На свидание (Коротаев) - страница 71

— А это что?

Игорь принимал из его рук травинку, вертел ее, долго разглядывая, потом неуверенно произносил:

— Подорожник.

— Сам ты подорожник, — укорял Пашка. — Это мать-и-мачеха. — И снова срывал поблекший стебелек. — Ну а это-то узнаешь?

К ним подошла Таня.

— Ты, Пашка, не изгалялся бы, а объяснил человеку. Подумаешь, он знает травинки. В деревне вырасти да крапивы бы не видеть. Ты вот мне ответь, чем отличается осока от осота? Не знаешь? Ну вот. Пойдемте лучше нарвем рябины и украсим наш класс.

И они все вместе направились к ближней рябине. На обратном пути вместо строевой солдатской песни вдруг неожиданно затянули «Что стоишь, качаясь, тонкая рябина», и, кажется, начал ее Пашка. Песню дотянули до конца.

— Ну, что же, — сказал Силкин, когда они с Мишей возвращались домой. — С боевым тебя крещением. Кажется, ты не зря получаешь зарплату.

— Спасибо, друг, — откликнулся Миша. — Ты, как всегда, перехваливаешь меня, — и хитровато подмигнул.

— Ничего. Теперь дело пойдет — лиха беда начало.

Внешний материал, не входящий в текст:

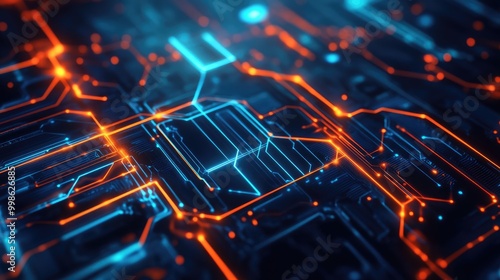 Abstract technology background with intricate digital patterns, glowing lines, and interconnected circuits, representing tech innovation
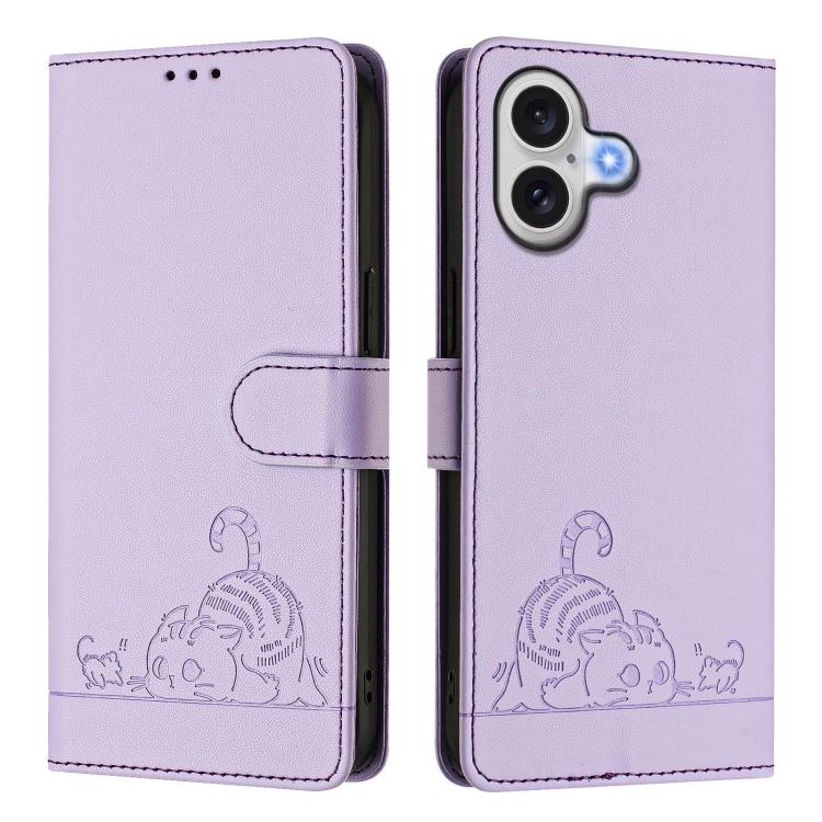 Funda de cuero RFID con estampado de gato y rata para iPhone 17 con cordón (morado)
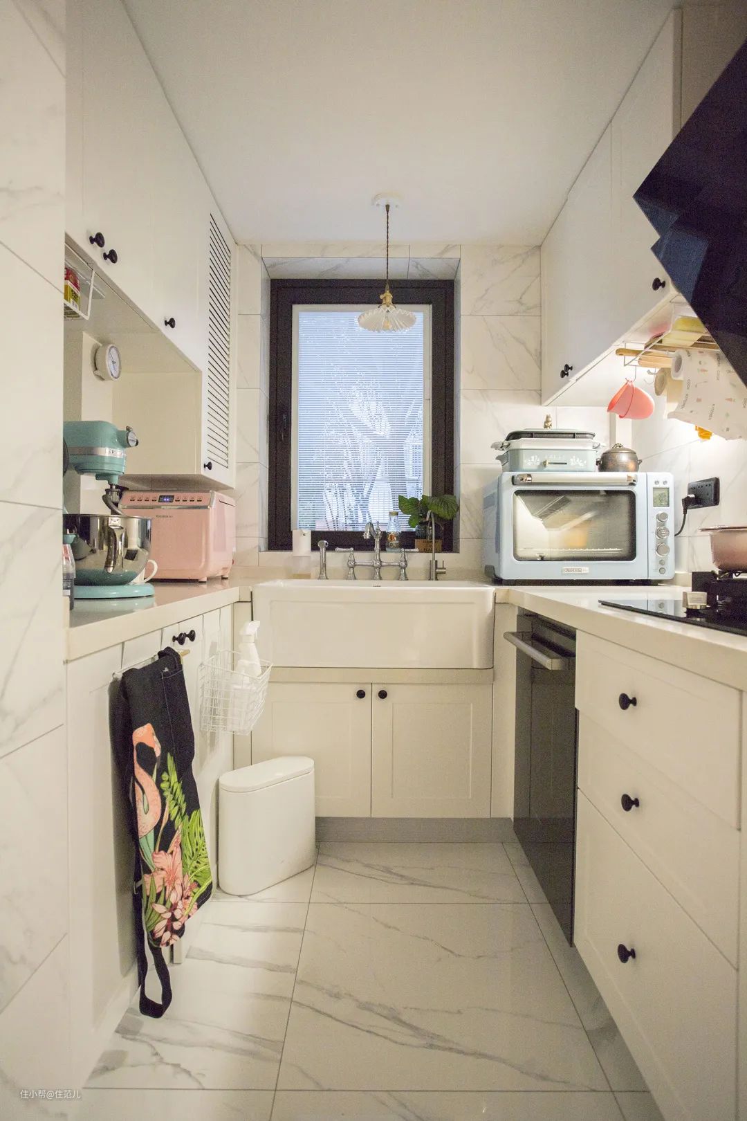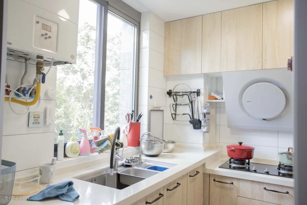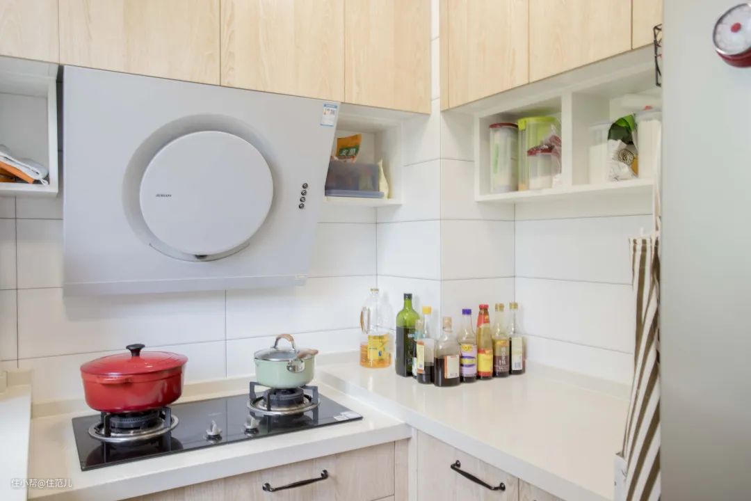 住范儿客户W先生的厨房,用水区域的台面高90cm,用火区域是80cm,冰箱旁的备餐区域是85cm,这样更适合夫妻俩的身高习惯来使用。
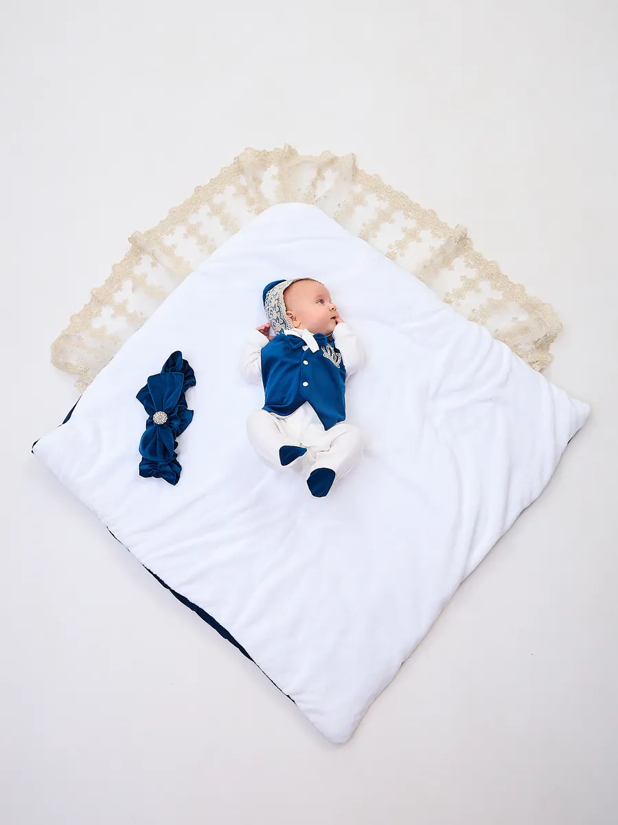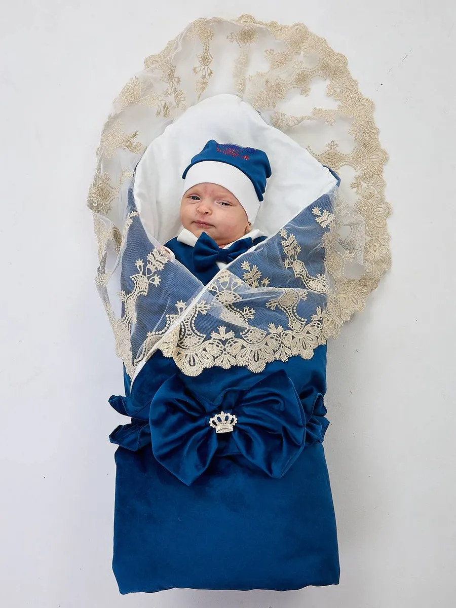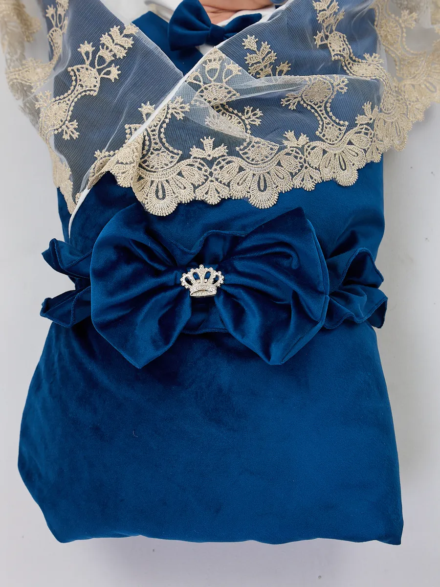 Элегантный конверт для выписки новорожденного из бархатной и хлопковой ткани. Идеален для создания запоминающегося образа в важный момент. Поставляется без костюма. Удобный и стильный, украшен изысканной кружевной отделкой и декоративным бантом с короной. Подходит для использования в холодное время года. Отличный выбор для родителей, ценящих комфорт и красоту.
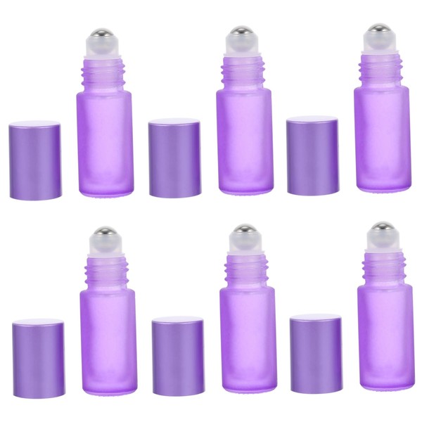 PACKOVE 6Pcs Portable Frosted Glass Roller Bottles Refillable Perfume Containers for Essential Oils Aromatherapy Cosmetics Durable Travel Friendly
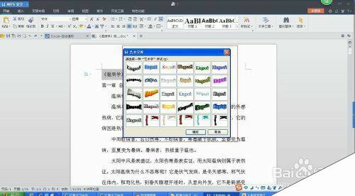 点击“艺术字”按钮,这时会弹出“艺术字库”对话框。选择需要的艺术字样式后点击“确定”按钮。
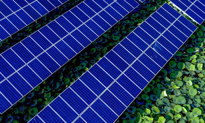 The undated photo shows the solar energy panels installed in a village in Lu Jiang county in Hefei, capital city of Anhui Province of China. (Xinhua photo)
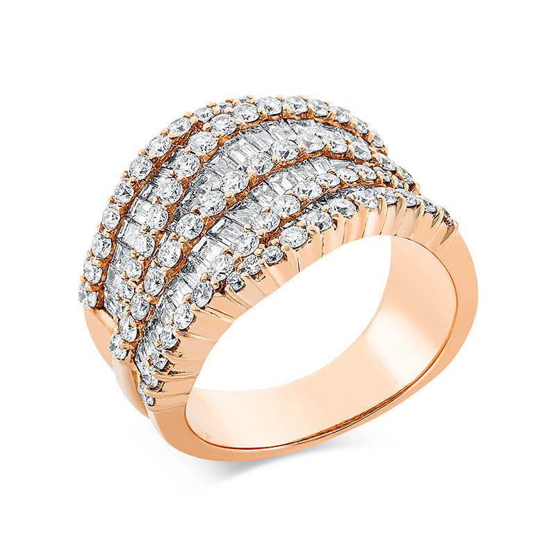 Ring 18 kt RG, 49 Trap. 1,66 ct, TW-vsi, 69 Brill. 1,20 ct, TW-vsi
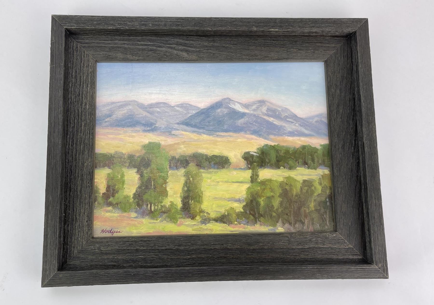 9"x12" unframed, 12.5" by 15.5" framed. Title is Summer Morning. BACKGROUND Dave Hodges graduated with a Bachelor of Science degree from Montana State University, Bozeman, Montana in 1979. He began sculpting as a career in 1982 and has been commissioned to create sculptures for several large corporations as gifts to their international clients. Articles on his work have been published in Southwest Art , Western Horseman, and Texas Longhorn Trails magazines. Dave is also an oil painter of landscapes of the western region and is a founding member of the Montana Painters Alliance, Painters of the Big Sky, and a member of the Montana Professional Artists Association. AWARDS & RECOGNITION His work has received awards at the following shows: Willamette Western Art Show, Salem, OR; American National Miniature Show, Laramie, WY; Western Regional Art Show, Cheyenne, WY; National Miniature Show, La Luz, NM. He created a bust of past director of flight operations for the Northwest Airline Flight Training Center in Minneapolis, and a bust of international opera star, Marilyn Horne, for the Bradford Branch of the University of Pittsburgh. His life-size statue of a running horse, Free Spirit, permanently enhances the City Park in Big Timber, Montana. A private commission life-size statue of a cow and calf can also be seen in Big Timber, Montana. He was chosen by the Montana Arts Council to make the White House Christmas tree ornament for the State of Montana in 2002. The sculpture Fancy Footwork, owned by former President Ronald Reagan, is permanently displayed at the Ronald Reagan Presidential Library and Museum in Simi Valley, CA, and is featured in the library brochure. EXHIBITIONS & SHOWS His horse sculptures have been exhibited through several American Academy of Equine Artists shows, most recently the Wild Horses exhibit at the Wildlife Experience in Parker, CO in Jan. 2003 and Jan. 2004.
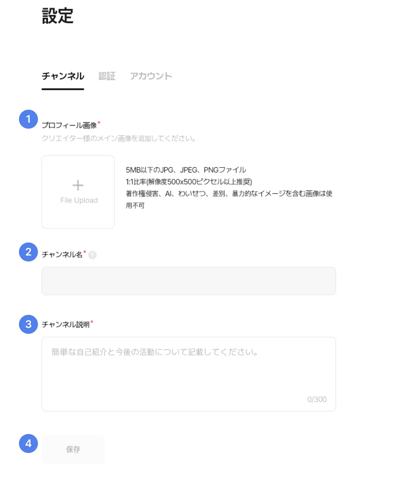 ③チャンネルの説明 : クリエイター様のチャンネルを紹介できる紹介文を書いてください。チャンネルの説明はクリエイター様の作品を聴く全てのユーザーに露出され、詳しい内容ほど、ユーザーの購入につながります!
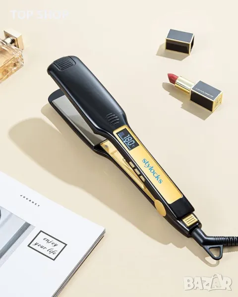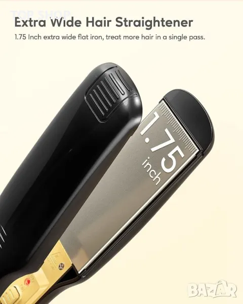 Изключително широки плочи: Тази преса изправя косата по-бързо и по-лесно. Можете да третирате повече коса с едно движение, спестявайки време при създаване на стилове. Идеален е за дълга, гъста или къдрава коса.
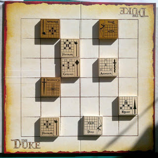 The Duke is a game I respect rather than relish; but that’s a purely personal thing. I don’t have any objective critiques to make of it; it does what it does very well, and lovers of chess and other abstract games such as Go will find a lot to appreciate. I’d say the drawback for lovers of open information is that you don’t know what you’re going to draw from your bag, and this can lead the game to feel slightly dependent on chance.
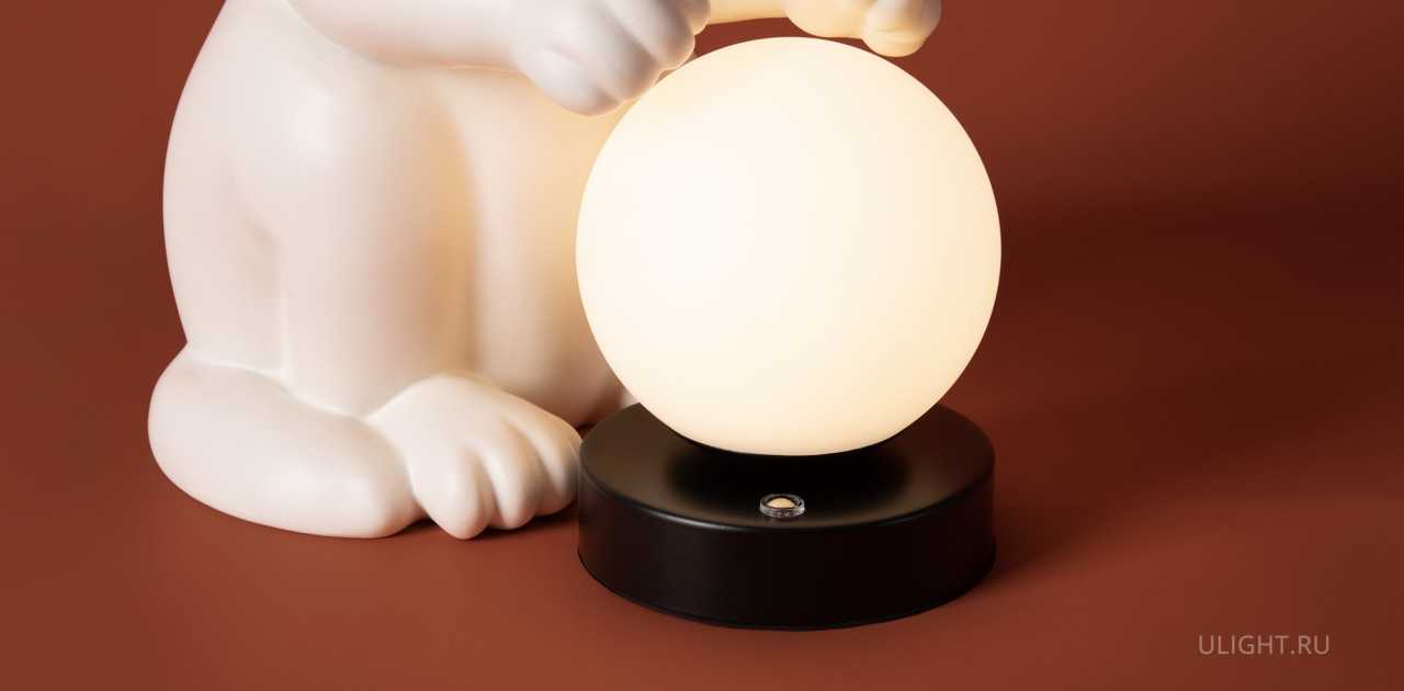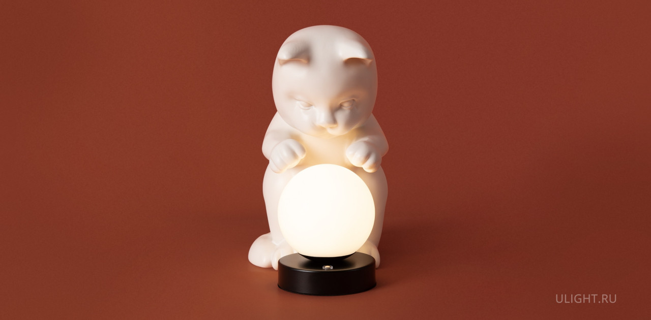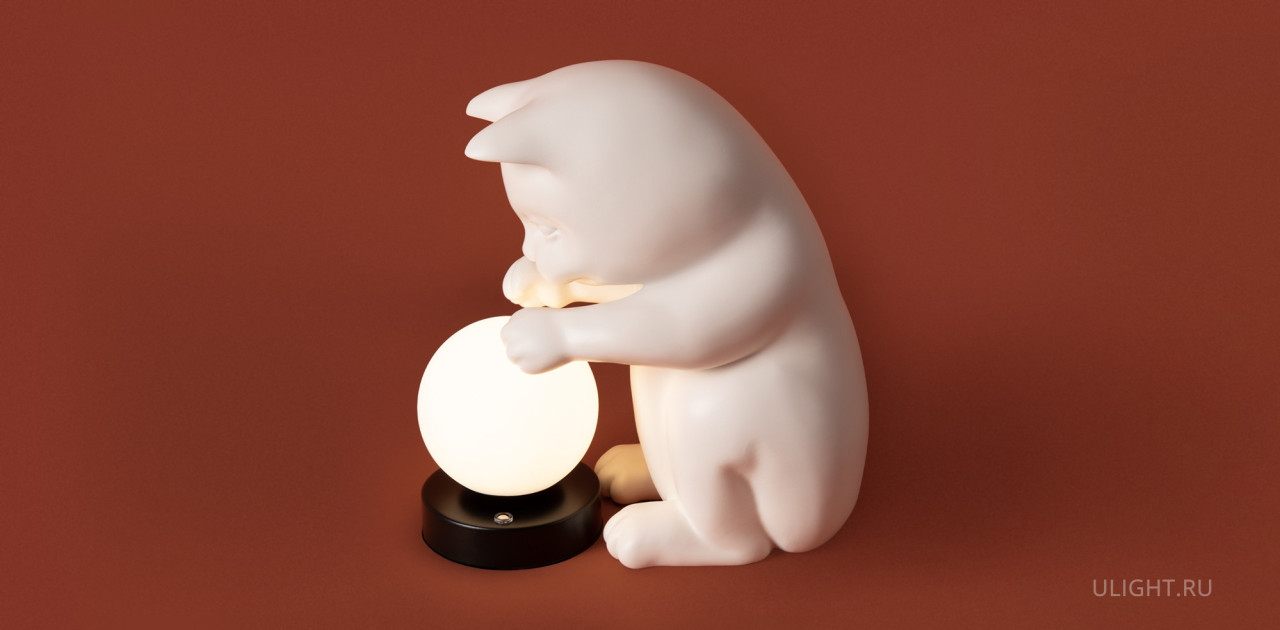 Арматура — полирезин. Абажур из белого матового пластика, форма сферы. Интегрированный LED источник света 3000К. Высота 270 миллиметров. Сенсорное управление. Фигурка котика (RAL 9001) в комплекте.
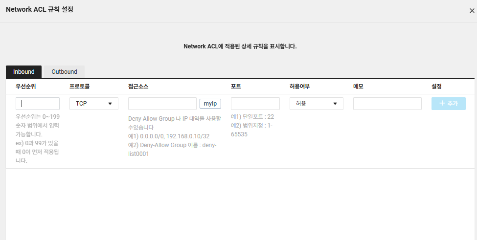 *기존 NACL과 다르게 IP 입력 갯수도 40개 -> 100개로 늘어났습니다.
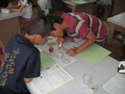 青紫色に変わる様子に,子どもたちは大興奮です。
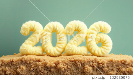 Metallic numbers representing the year 2026 on a vibrant yellow background, symbolizing new beginnings and celebrations for the upcoming year

...Приближалась зима. Северные ветры загудели над полевой дорогой, что гнулась по краю лощины, дули порывисто и сердито. Миша с грустью вспоминал, как еще недавно он проходил этой дорогой прозрачными и гулкими утрами и любовался обильной, искрящейся на солнце росой на метелочках тимофеевки, что росла по обочинам. А позднее эти же метелочки уже подернулись инеем, стояли тихо, не шевелясь, опасаясь потерять свое дорогое и хрупкое великолепие. Только к полудню оттаивали они, но роса уже не играла прежней радугой и не будила былой радости, потому что прихваченный холодом стебель терял упругость и уверенность цвета.

Далекие ивовые кусты лиловели от холода, и на березах погасла та ослепительная живая белизна, которая тянет к себе и заставляет если не прикоснуться, то поглядеть вблизи.

Миша вспомнил, как его подбадривала когда-то Марфа Никандровна:

— Ничего, не скучай. Скоро начнутся приморозки, будешь за поляшами ходить. А то приглянется какая-нибудь девочка, так тоже не меньше заботы будет.

В избе через старые рамы быстро выдувало тепло, и, когда становилось холодно, затапливали плиту. Кот ложился на теплую плиту и поначалу блаженно жмурился: а когда начинало припекать — прыгал на печной приступок.

— Ничего, Буско, — гладила Марфа Никандровна кота, — это сперва зима кажется страшной, а поошоркаешься, дак ой как заживешь!

Теперь Миша, пройдя от школы полтора километра полем по морозу, входил в избу с закуржавевшей бородой, в катанках.

— Ишь до чего тебя морозко-то дообиимал! — Марфа Никандровна всплеснула руками. — А бородка как у Федотка. Ты бы не ходил полем, шел бы по прямушке-то, через овраг. Ведь не пьяной, всяко в гору подымешься. А ведь тут многим ближе.